An exact copy of the entries, with every picture omitted, is what is needed here.

Start of Records for this exercise

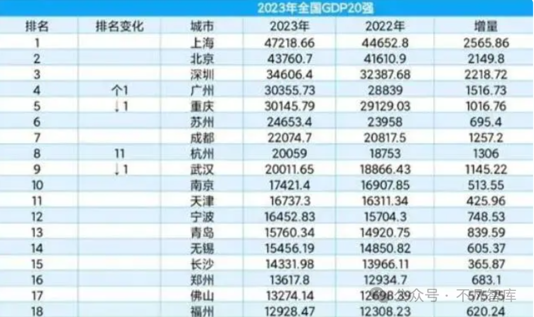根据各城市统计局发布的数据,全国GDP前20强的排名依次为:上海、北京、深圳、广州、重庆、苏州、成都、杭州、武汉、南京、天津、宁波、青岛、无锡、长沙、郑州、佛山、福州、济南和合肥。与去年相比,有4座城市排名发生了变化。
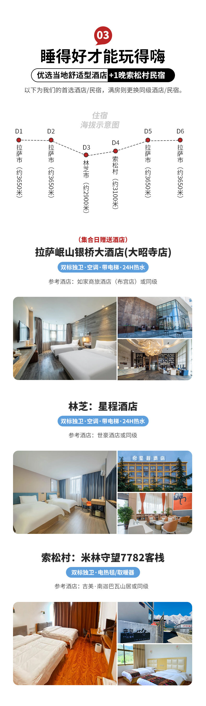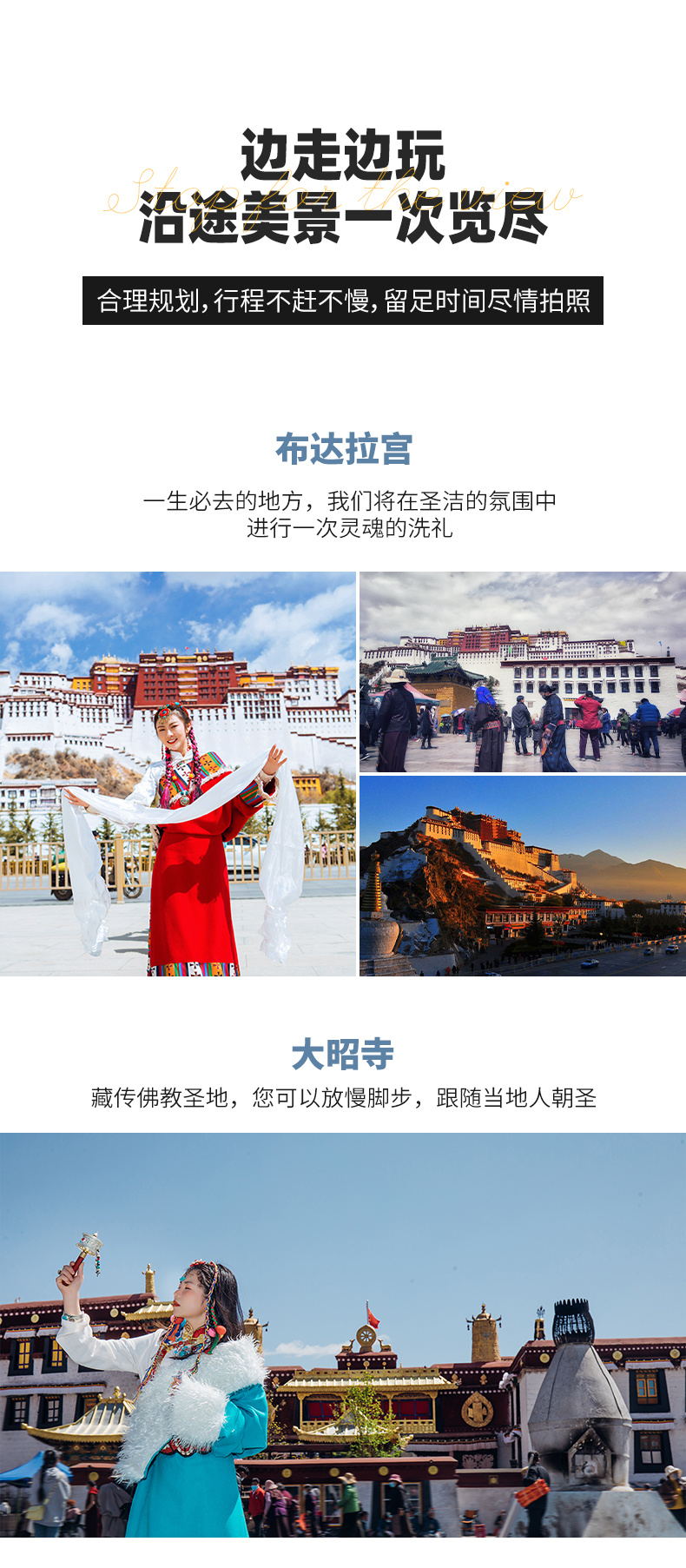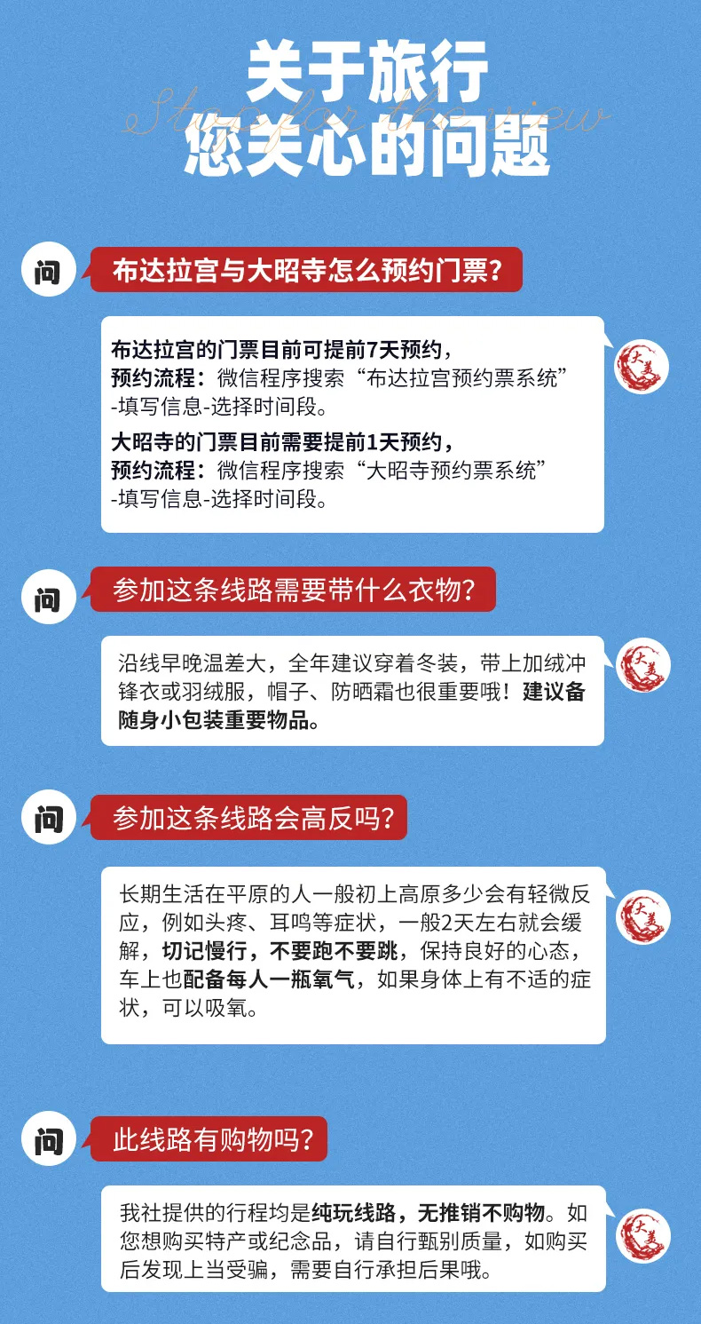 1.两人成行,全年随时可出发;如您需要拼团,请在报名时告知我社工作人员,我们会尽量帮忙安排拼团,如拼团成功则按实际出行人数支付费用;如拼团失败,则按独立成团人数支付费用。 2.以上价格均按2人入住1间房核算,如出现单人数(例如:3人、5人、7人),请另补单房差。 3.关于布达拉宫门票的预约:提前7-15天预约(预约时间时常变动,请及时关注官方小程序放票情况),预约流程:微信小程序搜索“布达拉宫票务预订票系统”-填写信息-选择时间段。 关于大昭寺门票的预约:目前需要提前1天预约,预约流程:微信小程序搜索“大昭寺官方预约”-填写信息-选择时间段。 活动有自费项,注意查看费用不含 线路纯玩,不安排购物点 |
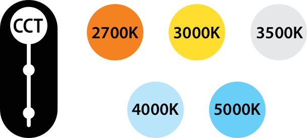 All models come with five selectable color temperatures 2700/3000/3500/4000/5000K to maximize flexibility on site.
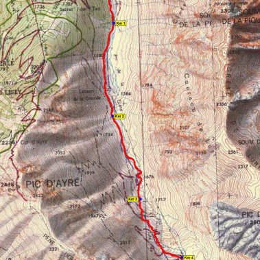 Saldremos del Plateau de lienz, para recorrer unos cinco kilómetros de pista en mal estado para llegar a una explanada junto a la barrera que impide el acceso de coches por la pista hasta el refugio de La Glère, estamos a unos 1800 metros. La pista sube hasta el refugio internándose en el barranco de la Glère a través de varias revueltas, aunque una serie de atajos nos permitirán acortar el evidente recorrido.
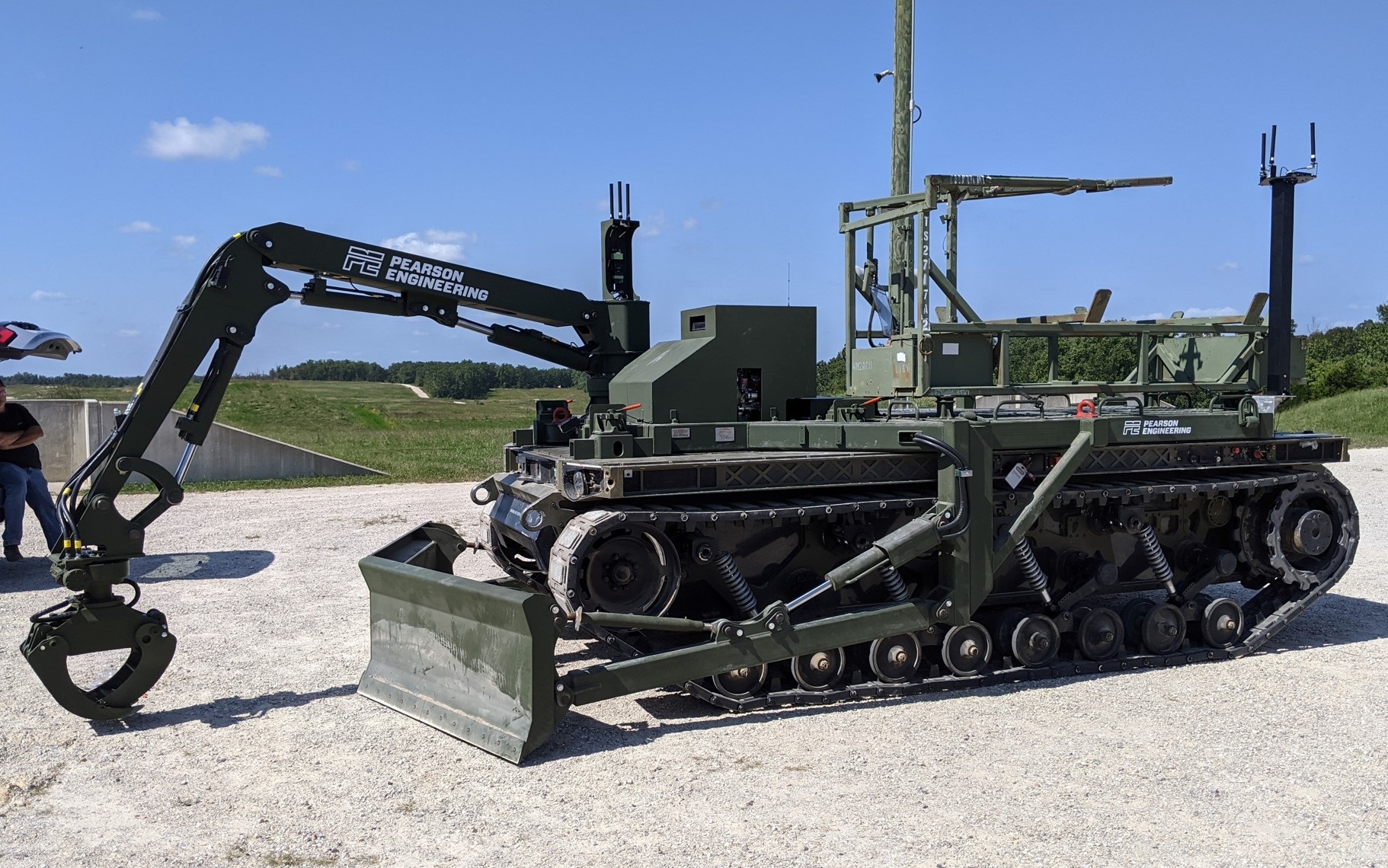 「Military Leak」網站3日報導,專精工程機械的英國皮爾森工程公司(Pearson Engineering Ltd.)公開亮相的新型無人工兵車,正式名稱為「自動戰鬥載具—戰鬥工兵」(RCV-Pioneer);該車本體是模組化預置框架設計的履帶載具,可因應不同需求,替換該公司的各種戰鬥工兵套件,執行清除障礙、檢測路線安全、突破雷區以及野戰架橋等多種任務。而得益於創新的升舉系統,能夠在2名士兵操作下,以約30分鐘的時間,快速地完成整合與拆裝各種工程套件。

End of Records for this exercise

Problem solution.
根据各城市统计局发布的数据,全国GDP前20强的排名依次为:上海、北京、深圳、广州、重庆、苏州、成都、杭州、武汉、南京、天津、宁波、青岛、无锡、长沙、郑州、佛山、福州、济南和合肥。与去年相比,有4座城市排名发生了变化。
 1.两人成行,全年随时可出发;如您需要拼团,请在报名时告知我社工作人员,我们会尽量帮忙安排拼团,如拼团成功则按实际出行人数支付费用;如拼团失败,则按独立成团人数支付费用。 2.以上价格均按2人入住1间房核算,如出现单人数(例如:3人、5人、7人),请另补单房差。 3.关于布达拉宫门票的预约:提前7-15天预约(预约时间时常变动,请及时关注官方小程序放票情况),预约流程:微信小程序搜索“布达拉宫票务预订票系统”-填写信息-选择时间段。 关于大昭寺门票的预约:目前需要提前1天预约,预约流程:微信小程序搜索“大昭寺官方预约”-填写信息-选择时间段。 活动有自费项,注意查看费用不含 线路纯玩,不安排购物点 |
 All models come with five selectable color temperatures 2700/3000/3500/4000/5000K to maximize flexibility on site.
 Saldremos del Plateau de lienz, para recorrer unos cinco kilómetros de pista en mal estado para llegar a una explanada junto a la barrera que impide el acceso de coches por la pista hasta el refugio de La Glère, estamos a unos 1800 metros. La pista sube hasta el refugio internándose en el barranco de la Glère a través de varias revueltas, aunque una serie de atajos nos permitirán acortar el evidente recorrido.
 「Military Leak」網站3日報導,專精工程機械的英國皮爾森工程公司(Pearson Engineering Ltd.)公開亮相的新型無人工兵車,正式名稱為「自動戰鬥載具—戰鬥工兵」(RCV-Pioneer);該車本體是模組化預置框架設計的履帶載具,可因應不同需求,替換該公司的各種戰鬥工兵套件,執行清除障礙、檢測路線安全、突破雷區以及野戰架橋等多種任務。而得益於創新的升舉系統,能夠在2名士兵操作下,以約30分鐘的時間,快速地完成整合與拆裝各種工程套件。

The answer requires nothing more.